Mowing the Meadow

By Anita Sanchez

An arbore­tum is all about trees. Arbor” means tree”(as in Arbor Day), and there’s no place like the George Lan­dis Arbore­tum to see beau­ti­ful trees. But there’s anoth­er type of plant at Lan­dis. It’s so hum­ble and so low-key that we often don’t notice it. In fact, we lit­er­al­ly walk all over it. Grass, I mean.

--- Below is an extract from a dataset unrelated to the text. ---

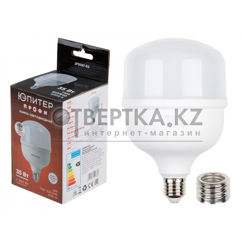 Цветовая температура 6400К - холодный свет для непринужденности, ясности и работоспособности, предназначен в первую очередь для промышленных помещений. Особенно эффективно применять лампы для освещения производственных и складских помещений, гаражей, цехов и других мест, где требуется качественный и яркий источник света. Благодаря наличию переходника в комплекте может использоваться со стандартными цоколями Е27 и Е40.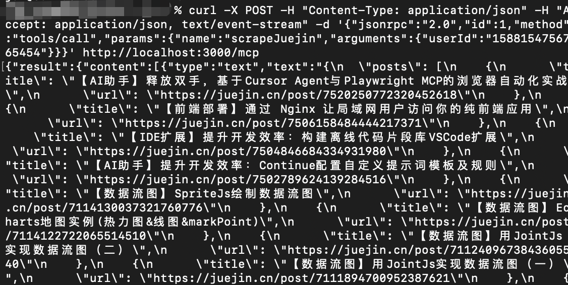 curl -X POST -H "Content-Type: application/json" -H "Accept: application/json, text/event-stream" -d '{"jsonrpc":"2.0","id":1,"method":"tools/call","params":{"name":"scrapeJuejin","arguments":{"userId":"1588154756765454"}}}' http://localhost:3000/mcp

Unlike most plants, grass grows from the bot­tom, up and out­wards. So a deer graz­ing or a mow­er mow­ing doesn’t kill the grass as it would a tree seedling. Indeed, mow­ing stim­u­lates grass to grow faster. If you hate yard work, you may decide to trim the grass real­ly short, so that more time will elapse until the next cut­ting. But it does­n’t work that way. Grass­es have an auto­mat­ic response to dis­as­ter. Usu­al­ly grass grows at a slow rate, build­ing up nutri­tion in the roots before invest­ing ener­gy in cre­at­ing seeds. When dis­as­ter (read: mow­er) strikes, the plant aban­dons its casu­al growth rate and invests all its efforts in a do-or-die sprint to get its genes into the gene pool. So after a mow­ing, grass grows faster than ever.

But mow­ing is some­times a good thing. The Arbore­tum has nice green lawns and beau­ti­ful mead­ows filled with grass­es, but­ter­flies and flow­ers. Some­times they get mowed. While it may seem appalling to mow a field of wild­flow­ers, a mead­ow doesn’t stay a mead­ow for­ev­er. Shrubs move in, then tree seedlings, and after a few decades, the mead­ow has become a forest.

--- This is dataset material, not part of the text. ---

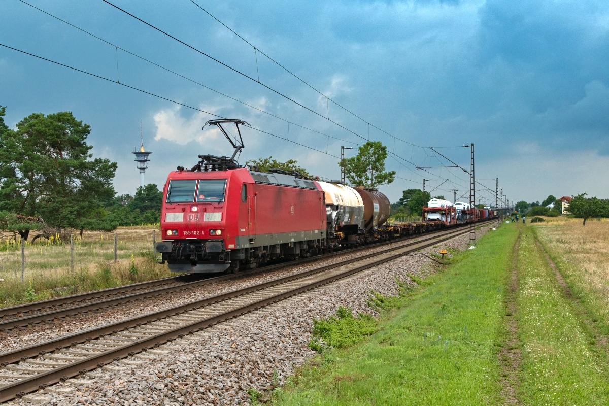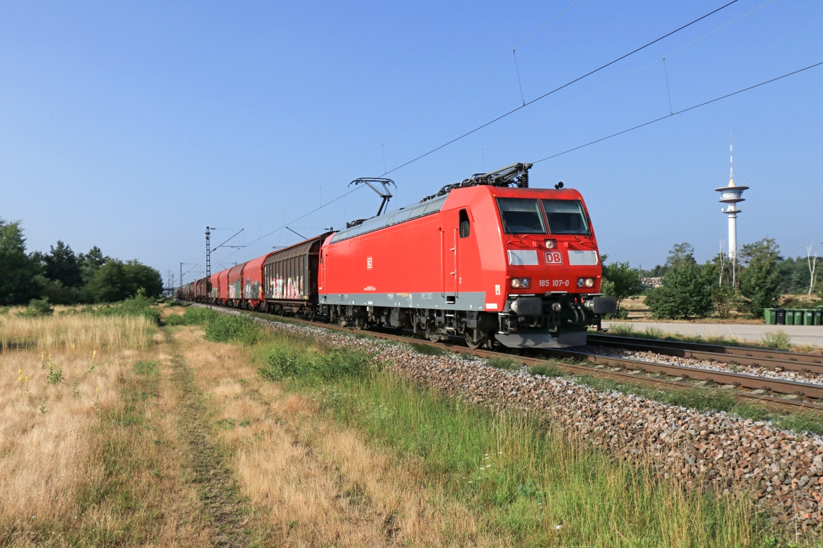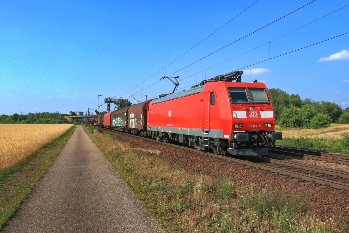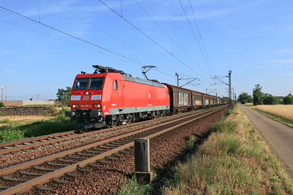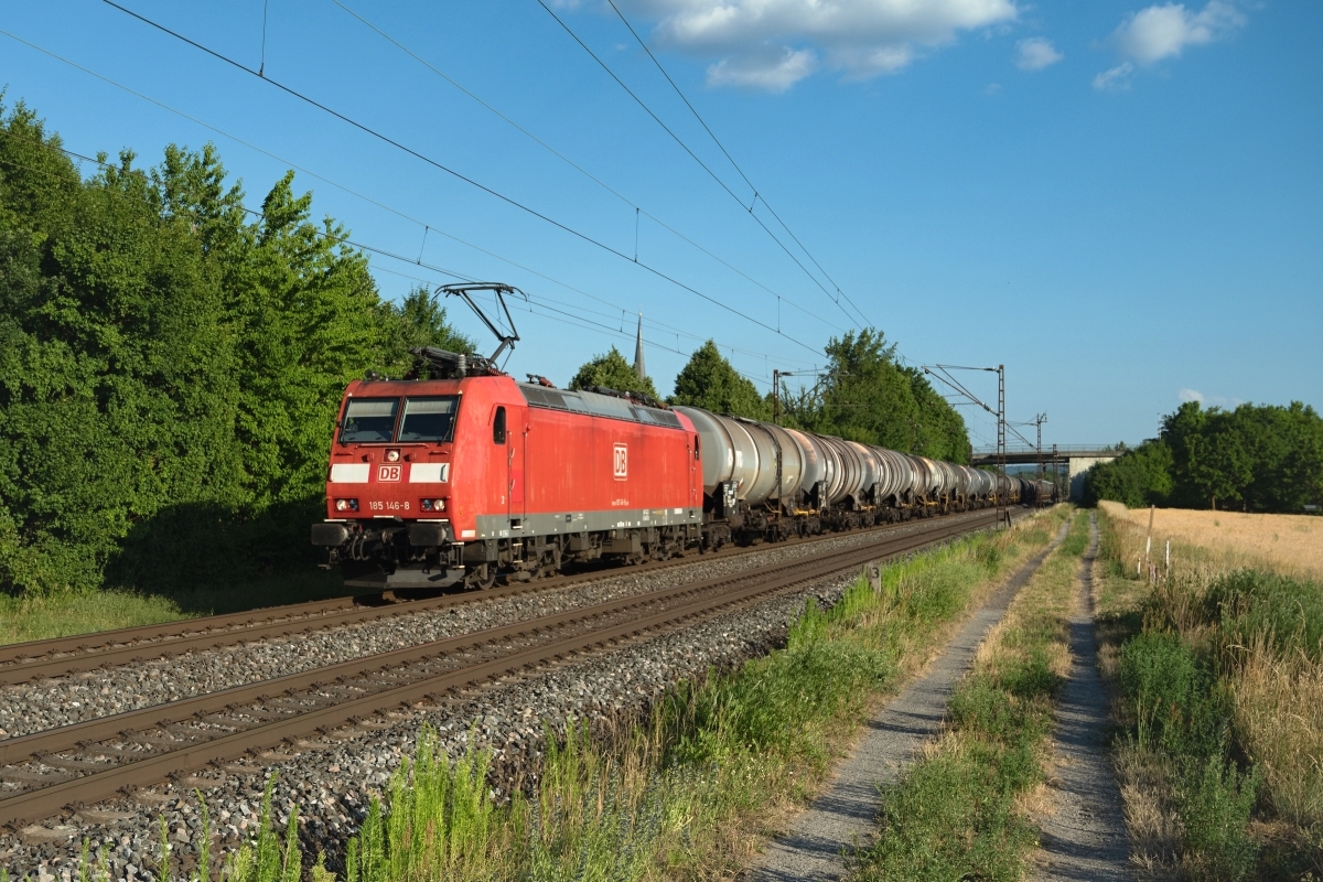 Dto. 185 148-4 am 29.06.2021 bei Altheim (FAT) mit dem EZ 51893 von Mannheim

What could be bet­ter than a deep, dark for­est? For oaks, wood ferns, and red-eyed vire­os, noth­ing. A for­est is the habi­tat they need. But a monarch but­ter­fly or a blue­bird could not sur­vive there as they need open mead­ows with sun. So do a host of oth­er species, includ­ing bobolinks, field spar­rows, marsh hawks, New Eng­land asters. daisies, and gold­en­rod. How­ev­er if done too often, mow­ing reduces diver­si­ty. Mow­ing a wild­flower pas­ture three times a month kills the flow­ers and shrubs. The grass­es would sur­vive though, basi­cal­ly cre­at­ing a lawn. But mow­ing every few years lets nature cre­ate a new gar­den tapestry.

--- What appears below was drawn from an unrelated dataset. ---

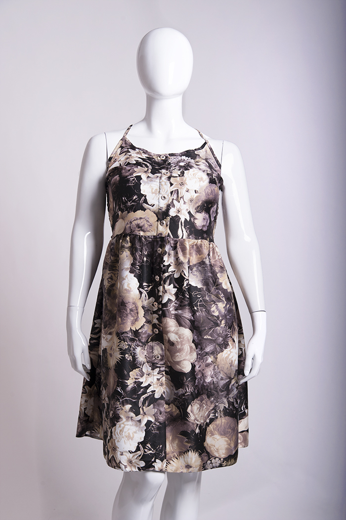 Легкий сарафан приталенного силуэта, на бретелях. Спереди имитация застёжки на пуговицы. Бретели можно отрегулировать по длине. Верх спинки до талии собран на резинку «венгерка» в несколько рядов

It’s best to mow the field in late fall about every five years. While mow­ing does cause some dis­rup­tion, this sea­son is when it will have the least impact. The wild­flow­ers have gone to seed, and the seeds have dis­persed. The birds are done nest­ing, and most of the but­ter­flies have moved along. Mow­ing before win­ter also leaves a few weeks for the plants to sprout back a bit, pro­vid­ing win­ter cov­er for rab­bits, mice, and birds.

Think of a mead­ow as an organ­ic wild­flower farm. It’s very low main­te­nance. All you have to do is mow it in late fall, then stand back and enjoy the show.